TASK INSTRUCTIONS: Copy out the lines of the records below, and only those lines, from the one with "- 3-Spoke Leather" through the one with "В стандартной комплектации", exactly as they appear.

DATA SHOWN:
_ _ _ _ _

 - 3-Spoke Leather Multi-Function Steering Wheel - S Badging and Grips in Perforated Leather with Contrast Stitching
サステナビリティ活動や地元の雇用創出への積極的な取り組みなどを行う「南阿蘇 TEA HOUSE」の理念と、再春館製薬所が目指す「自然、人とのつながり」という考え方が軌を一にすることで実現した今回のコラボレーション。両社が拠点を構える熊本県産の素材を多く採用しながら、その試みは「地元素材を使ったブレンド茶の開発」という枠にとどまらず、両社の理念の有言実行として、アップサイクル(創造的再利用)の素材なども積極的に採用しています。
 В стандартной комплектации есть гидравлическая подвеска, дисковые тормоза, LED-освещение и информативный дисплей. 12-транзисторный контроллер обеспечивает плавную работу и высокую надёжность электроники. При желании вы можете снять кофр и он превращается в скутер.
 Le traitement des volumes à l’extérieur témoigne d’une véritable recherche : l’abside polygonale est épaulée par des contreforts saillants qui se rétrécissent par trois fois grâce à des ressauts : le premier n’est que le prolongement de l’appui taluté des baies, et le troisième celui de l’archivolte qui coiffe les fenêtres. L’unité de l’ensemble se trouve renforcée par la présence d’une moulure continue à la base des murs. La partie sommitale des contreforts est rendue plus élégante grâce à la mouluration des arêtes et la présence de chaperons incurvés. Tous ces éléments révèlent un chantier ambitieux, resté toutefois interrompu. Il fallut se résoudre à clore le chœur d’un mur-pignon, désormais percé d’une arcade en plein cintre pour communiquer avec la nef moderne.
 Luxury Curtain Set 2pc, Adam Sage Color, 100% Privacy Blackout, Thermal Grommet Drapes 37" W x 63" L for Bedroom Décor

_ _ _ _ _

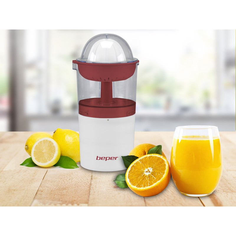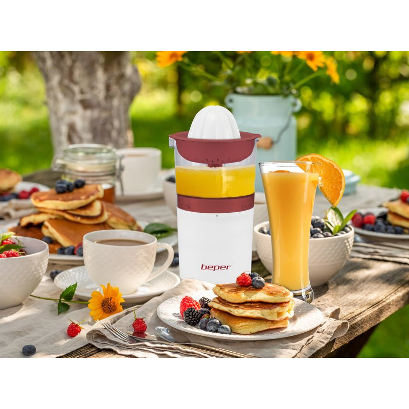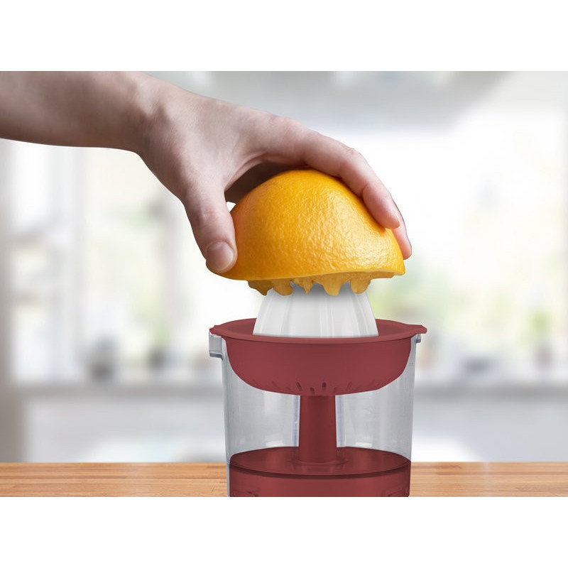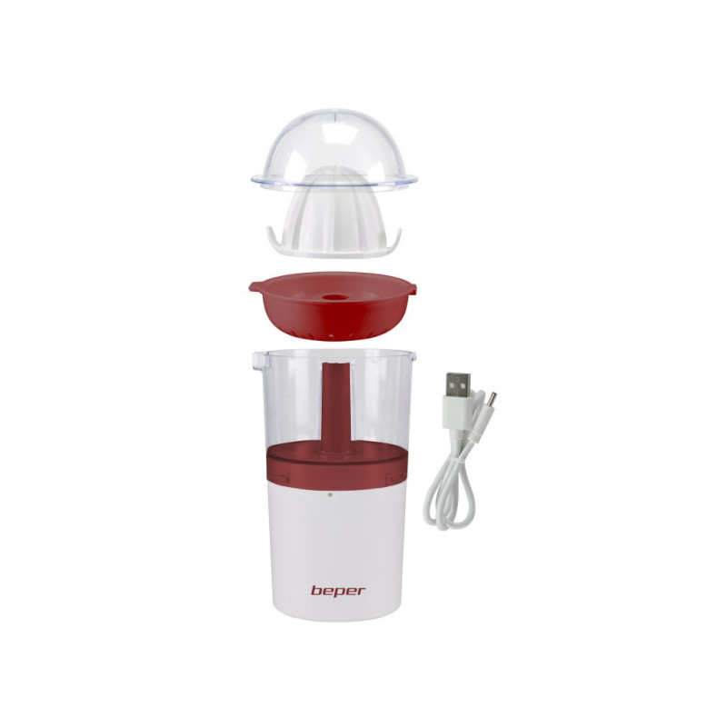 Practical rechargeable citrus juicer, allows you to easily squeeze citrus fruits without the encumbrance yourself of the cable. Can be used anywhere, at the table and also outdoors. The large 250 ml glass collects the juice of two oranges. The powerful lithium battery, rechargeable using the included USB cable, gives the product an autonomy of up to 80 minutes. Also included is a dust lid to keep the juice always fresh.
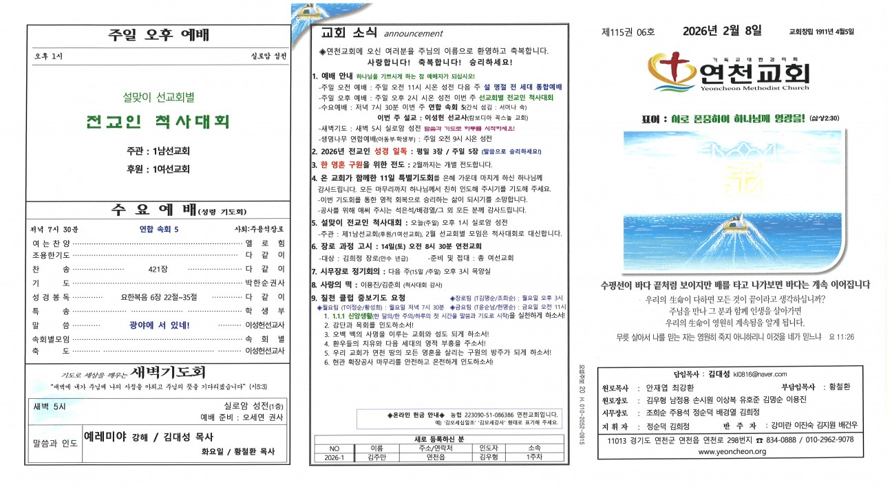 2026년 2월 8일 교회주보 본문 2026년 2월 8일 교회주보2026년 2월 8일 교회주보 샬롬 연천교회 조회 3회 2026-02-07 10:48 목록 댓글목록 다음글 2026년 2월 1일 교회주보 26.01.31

_ _ _ _ _

THE ANSWER:
 - 3-Spoke Leather Multi-Function Steering Wheel - S Badging and Grips in Perforated Leather with Contrast Stitching
サステナビリティ活動や地元の雇用創出への積極的な取り組みなどを行う「南阿蘇 TEA HOUSE」の理念と、再春館製薬所が目指す「自然、人とのつながり」という考え方が軌を一にすることで実現した今回のコラボレーション。両社が拠点を構える熊本県産の素材を多く採用しながら、その試みは「地元素材を使ったブレンド茶の開発」という枠にとどまらず、両社の理念の有言実行として、アップサイクル(創造的再利用)の素材なども積極的に採用しています。
 В стандартной комплектации есть гидравлическая подвеска, дисковые тормоза, LED-освещение и информативный дисплей. 12-транзисторный контроллер обеспечивает плавную работу и высокую надёжность электроники. При желании вы можете снять кофр и он превращается в скутер.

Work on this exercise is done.